|Gestational diabetes is a type of diabetes developed during pregnancy, especially during the third trimester. Having gestational diabetes means that sugar is not properly metabolized by the body causing high blood sugar levels. According to the Center for Disease Control and Prevention, gestational diabetes has a prevalence of 9.2%. This could affect your pregnancy and your baby’s health. There is no known cause for a woman to develop gestational diabetes, but it’s known that it’s related to insulin resistance, and it may have a genetic predisposition.
How can gestational diabetes affect your baby?
When you have gestational diabetes, your pancreas works harder than usual to produce insulin, but this won’t reduce the levels of sugar in your blood. The extra glucose in your bloodstream penetrates your placenta and causes your baby to produce more insulin. Then, the extra glucose in your baby’s blood turns into fat and could cause your baby to develop macrosomia, (larger than average birth weight). Macrosomia could lead to birth issues such as shoulder damage and trouble breathing.
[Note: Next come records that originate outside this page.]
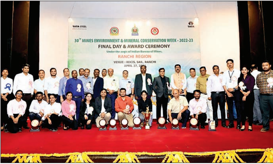
विजेता टाटा स्टील की टीम।

टाटा स्टील ने स्टॉल डिस्प्ले में प्रथम पुरस्कार जीता, जिसे खदानों और पर्यावरण के संरक्षण के प्रति
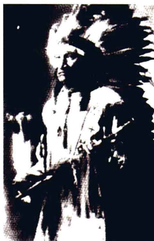
吸烟斗的印第安人
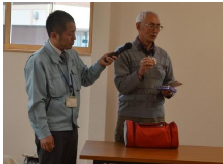
自治会長から防災備蓄品の紹介
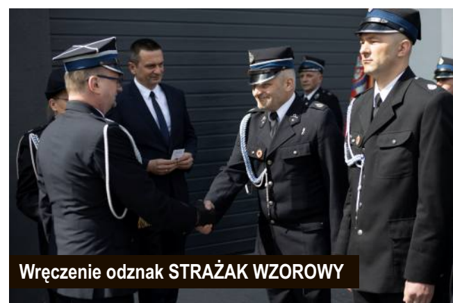
Wręczenie odznak STRAŻAK WZOROWY
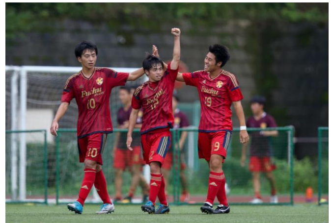
<この瞬間(抽選会)から、二次トーナメントに向けての闘いは既に始まっている!!>
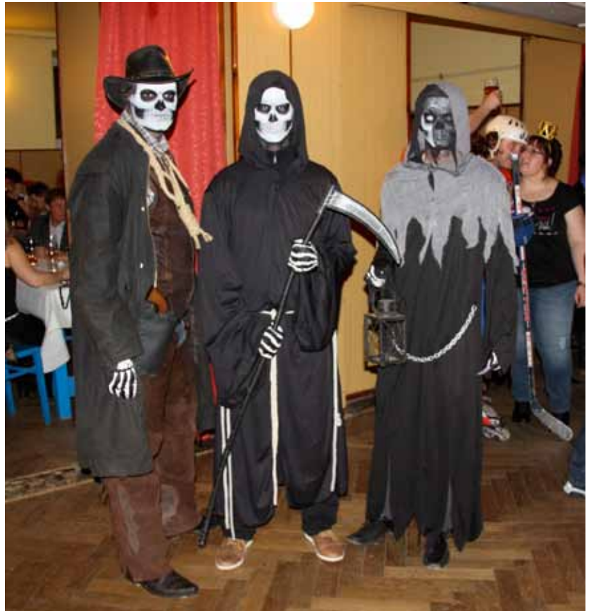
Karneval DBSK v sokolovně tentokrát navštívili vyslanci Smrtky i velebný otec.
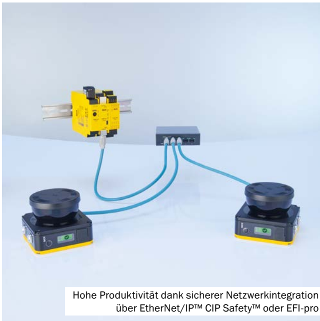
Hohe Produktivität dank sicherer Netzwerkintegration über EtherNet/IP™ CIP Safety™ oder EFI-pro
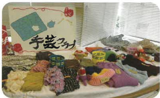
色鮮やかでとってもきれい!!
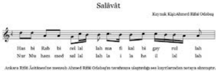
Şekil 10. Salâvât

Bu esmanın devamında aynı melodiyle “ Ekrimna Yâ Ekreme'l- Ekremîn ”, “ İrhamnâ Yâ Erhame'r-Râhimîn ” ve “ Emminnâ Yâ Emâne'l Hâifîn ” güfteleri de okunur. Zikri idare eden kişi bu güfteleri en son birer defa nağmesiz okur ve dervişân “ Amin ” der. Akabinde zikri idare eden kişi istiâze ve besmele çeker “ Hasbi Rabbi Cellallah ” diyerek başlanılan esmayı cumhûren okutur. Ardından Ahzab sûresi 56. ayet okunur. Bu esmanın notası aşağıda gösterildiği şekildedir:
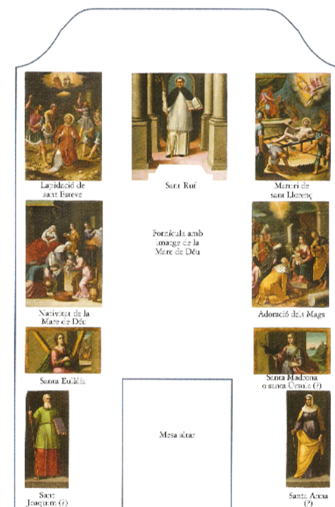
composició del retaul major de Santa Maria
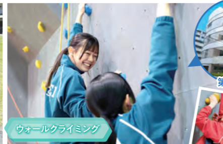
ウォールクライミング
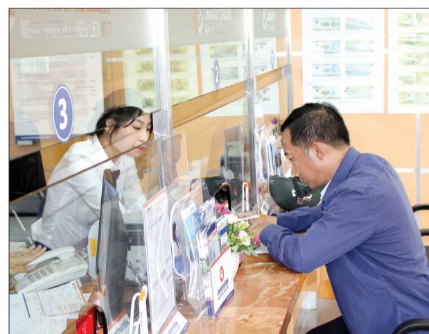
Hoạt động giao dịch ở Ngân hàng Thương mại cổ phần Bưu điện Liên Việt Chi nhánh Thái Bình.

Để huy động tối đa lượng tiền nhàn rỗi trong dân cư, từ đầu năm đến nay, các tổ chức tín dụng trên địa bàn đã chú trọng phát triển các sản phẩm, dịch vụ, đa dạng hóa các loại hình huy động, đổi mới phong cách giao dịch, nâng cao chất lượng phục vụ khách hàng; đồng thời, thực hiện nghiêm ngặt khai thác lãi suất huy động tại trụ sở giao dịch nhằm bảo đảm cạnh tranh lành mạnh giữa các đơn vị trên địa bàn.
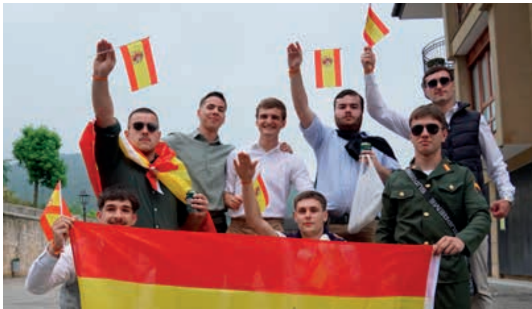
Umorez blai, urnietar askoren harridura eta irriak eragin zituen Cayetanoen moda Urnietara ekarri zuen kuadrillak.

Poxta Zahar gazte kuadrillen elkarteak eta, oro har, Urnietako Gazteak dira jaiekin gehien gozaten dutenak. Izan ere, adin-tarte hori aintzat hartuta antolatzen dira jaiak. Ostegunean pinto-potearekin ekin zioten asteburu luzeari
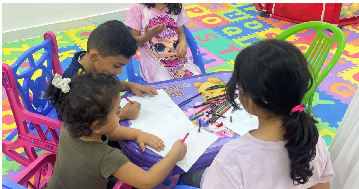
▲ 兒童小綠洲提供安全學習與活動空間

中心也與國際救援委員會(IRC)展開為期兩年的「點亮未來計畫」，共同提升ECD方案的教學品質與成效評估。2026年初正式啟動「歡迎芝麻」(Ahlan Sim Sim)培訓課程，結合芝麻街教育理念，以遊戲與互動陪伴孩子學習與成長，同時強化教師評估能力。未來IRC也將持續提供實地督導與支持，讓更多兒童與家庭受惠。在動盪環境中，中心攜手社區與家庭，陪伴孩子擁有健康、快樂的童年。
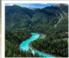
อุทยานคานาสือ

ส่วนนำป่าโบราณ / ทางด่วนทะเลทราย S21 เขตภูมิศาสตร์บาร์ดิง / เขตมิกางทะเล (รวมล่องเรือ) / เซาโปซา ทุ่งหญ้าอาเหอกิ่งกั๊ก / หมู่บ้านเหม่อู่ซุ่น (รวมรถอุทยาน) / จุดชมวิวดาเต็ง ล่องเรือทะเลสาบคานาสือ / จุดชมวิวกานาสือทาลูซุมปลา / ทะเลสาบวงพระจันทร์ ทะเลสาบมิงกรหลับ / ทะเลสาบเทวดา / อารน้ำ 5 สี / เมืองมิกาง (รวมรถไฟเล็ก) แกรนด์แคนยอนดูซานจื่อ / ตลาดต้าปาจาง
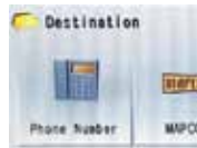
(1) Tippen Sie auf das Icon für die Telefonnummer

Eingabe über die [Telefonnummer] Die Auswahl des Zielorts kann über die Eingabe der Telefonnummer erfolgen.
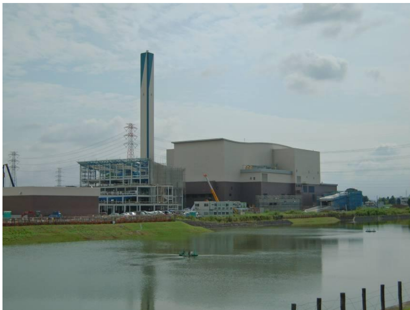
建設が進む、「川越市資源化センター」の全景

また、現在小畦川沿いには「新清掃センター」の工事が進められており、まもなく完成の予定です。
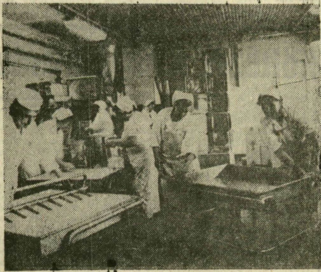
Exportra készítenek sajtót Kisteleken
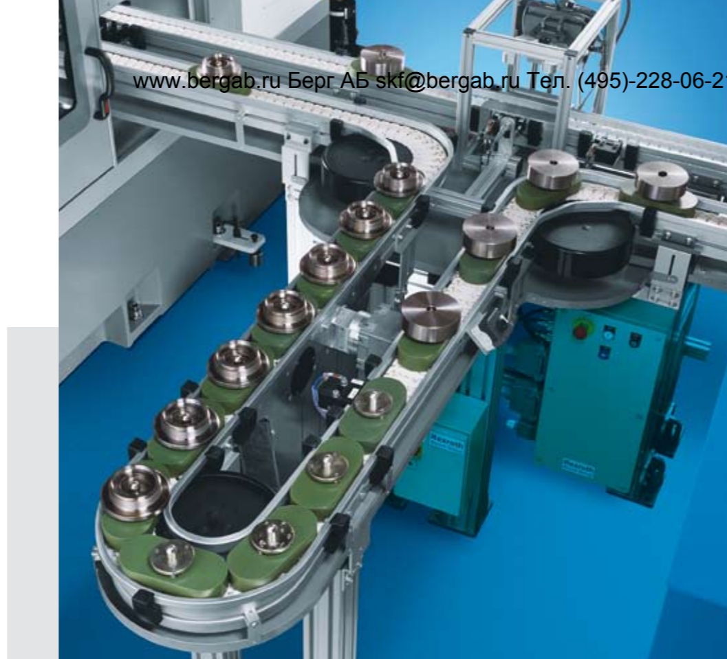
Применение в машиностроении

Разнообразие в применении Система Rexroth VarioFlow – это экономичная транспортная система, применяемая во многих областях. Семь различных вариантов ширины цепи, от 65 до 320 мм, могут применяться в различных отраслях: от машиностроения и электронной промышленности до фармацевтической и косметической.
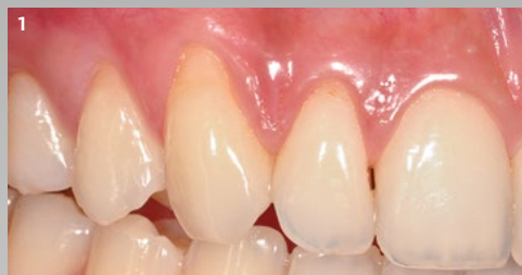
1 Situación inicial: defecto de múltiples recesiones clase I de Miller con menos de 3 mm de tejido queratinizado en los dientes de 12 a 14
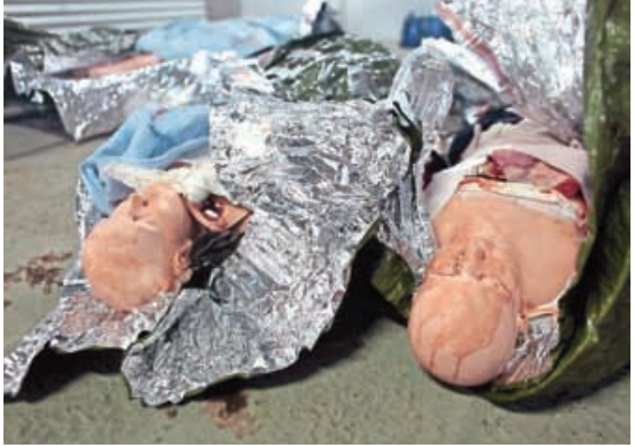
Lutke so simulirale ranjence z odtrganimi udi.
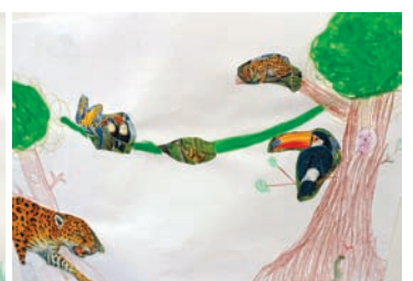
Ferienpass 2021: Wettbewerbsbeiträge unserer erfolgreichen Adventure-Raum Bezwingler*innen.
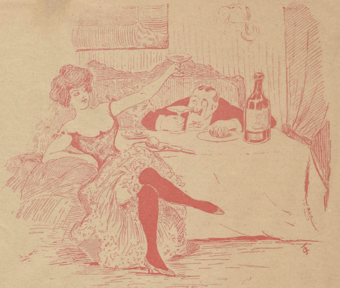
— Пью за «Новое Время». Благодаря помещенному тамъ объявленію мы познакомились съ тобой и теперь я скоро поправлю свои дѣлишки.
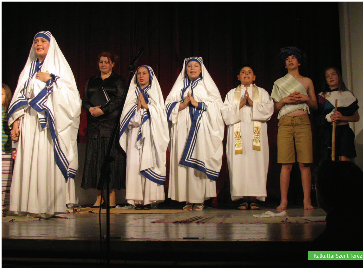
Kalkuttai Szent Teréz
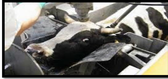
Figura 5. Proceso de noqueo
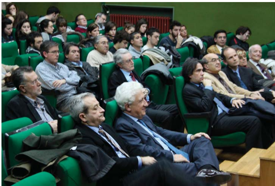
Una gran afluencia de público se congregó a lo largo de las jornadas en el salón de actos del IES Goya.
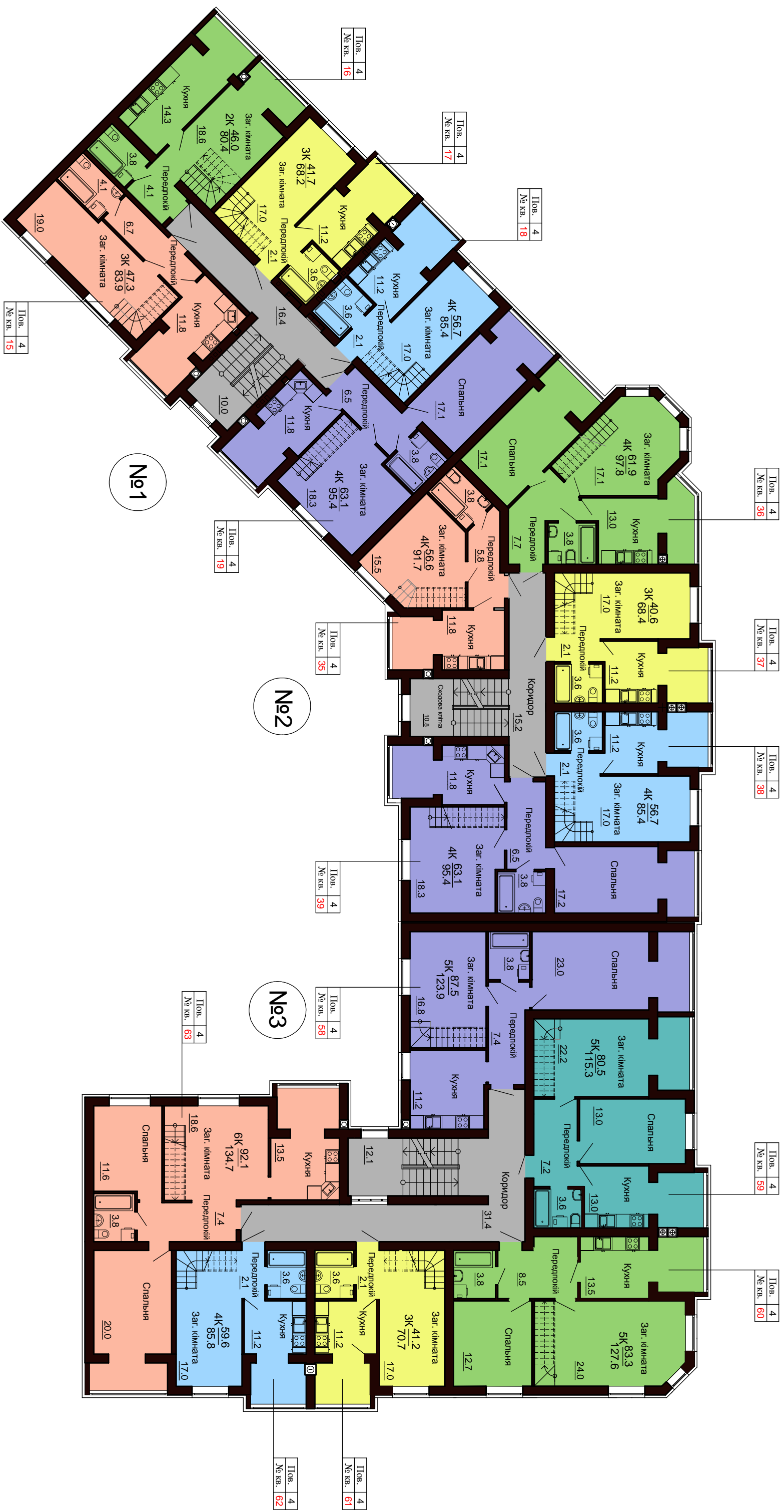
План 4-го поверху. Гетьманська, 12.

If you’re pregnant and have gestational diabetes, be sure keep your sugar levels at bay as soon as possible. Be mindful of what you eat, exercise regularly, and follow your doctor’s instructions. Controlling your sugar levels could help prevent difficulties during pregnancy and keep your baby healthy. If you have gestational diabetes, your sugar levels will most likely go back to normal after giving birth. However, be sure to take care of your pregnancy symptoms early on to avoid preeclampsia, occurring in 10% to 30% of women with gestational diabetes. Don’t worry, though. What’s important is that you attend to all of your doctor’s appointments, control your diabetes, and follow every single one of the recommendations your doctor gives you in order to take care of your baby’s health.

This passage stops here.